La fragilité croissante observée au niveau de la stabilité des couples a suggéré un temps de réflexion. Ce phénomène est probablement en rapport direct ou indirect avec les transformations sociétales incluant la confusion apparente des rôles entre les hommes et les femmes et surtout l’allongement de la durée de vie nousamenant à revoir nos stratégies pour stabiliser nos couples sur la durée.

INTRODUCTION

L’intérêt porté à cette thématique de la durée de vie d’un couple sur le long terme, à travers le désir, repose sur la difficulté récurrente de mener à bien les projets de vie commune dans nos populations, dont nous limiterons la dimension et la réflexion au mode culturel judéo-chrétien.

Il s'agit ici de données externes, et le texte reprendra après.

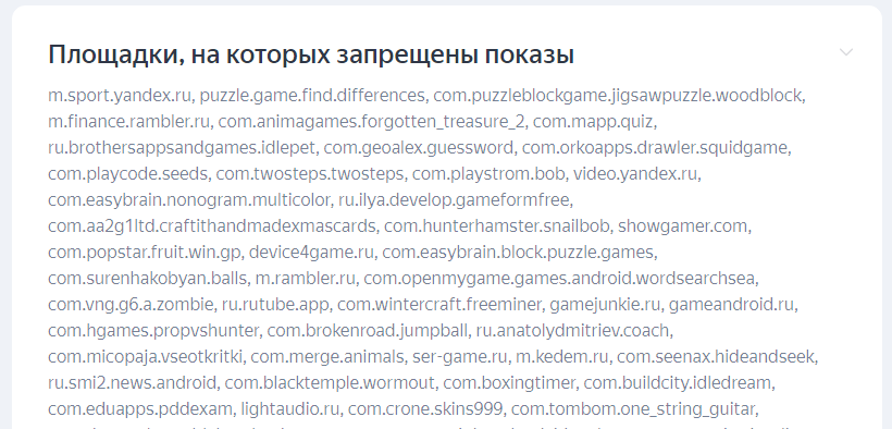 площадок, объединены в один общий список и добавлены к кампаниям.

Le cadre juridique de cette délimitation culturelle nous rappelle en ses articles 212 du Code civil que les époux se doivent fidélité, secours et assistance, 215 une obligation de communauté de vie. Le désir semblerait être le moteur initial de toute relation humaine, ainsi nous avons souhaité lui donner un rôle de pivot autour duquel s’articuleront les notions de couple et de durée de vie de celui-ci sur le long terme.

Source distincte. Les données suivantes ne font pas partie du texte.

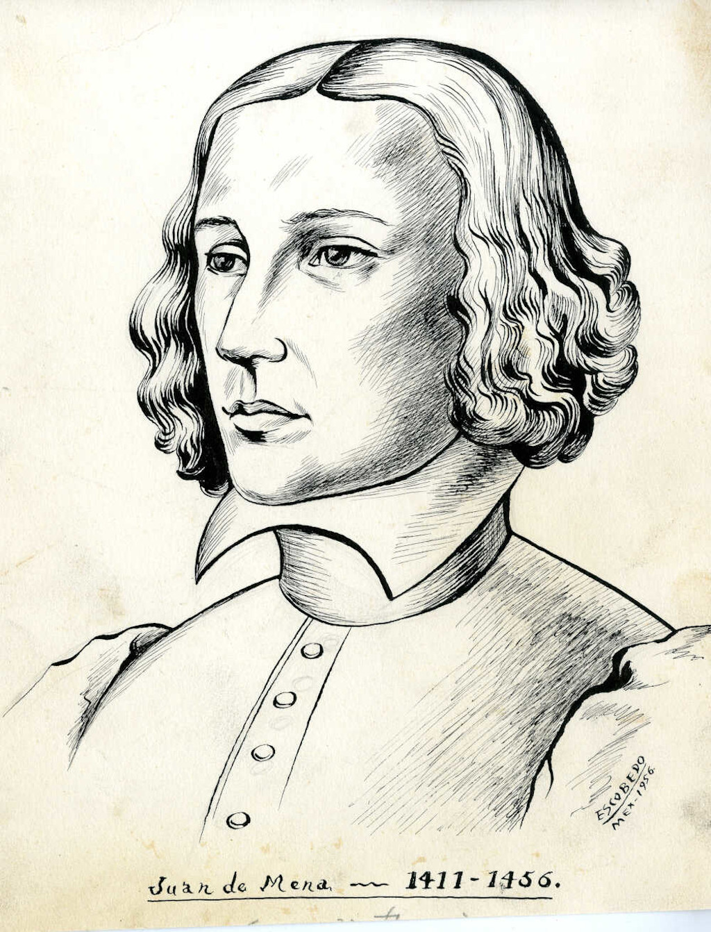 Retrato de Juan de Mena, poeta español perteneciente a la escuela alegórico-dantesca del prerrenacimiento castellano y conocido sobre todo por su obra Laberinto de Fortuna. Escribió en prosa el Comentario a la Coronación (1438), glosa de su propio poema en honor al marqués de Santillana. Esta obra en prosa se convirtió en una de sus obras más famosas y divulgadas en los siglos XV y XVI.

Rappelons que la formation des premiers couples humains remonte à près de deux millions d’années, validant ainsi l’intérêt et la nécessité d’attachement entre deux individus, au-delà de l’unique but de la préservation de l’espèce. Nonobstant la fonction motrice du désir et cette nécessité d’attachement à l’autre, il est souvent fait le constat que la réalité quotidienne tend davantage à éloigner les protagonistes du couple qu’à les maintenir dans le lien, si l’on n’y prête garde. Notre réflexion a également pris en considération la modification de l’espérance de vie, passant en près d’un siècle de 35 à 80 ans, la mort jouant naguère le rôle de divorce. Les critères régissant la longévité des couples en ont été, de fait, modifiés, suscitant tout notre intérêt.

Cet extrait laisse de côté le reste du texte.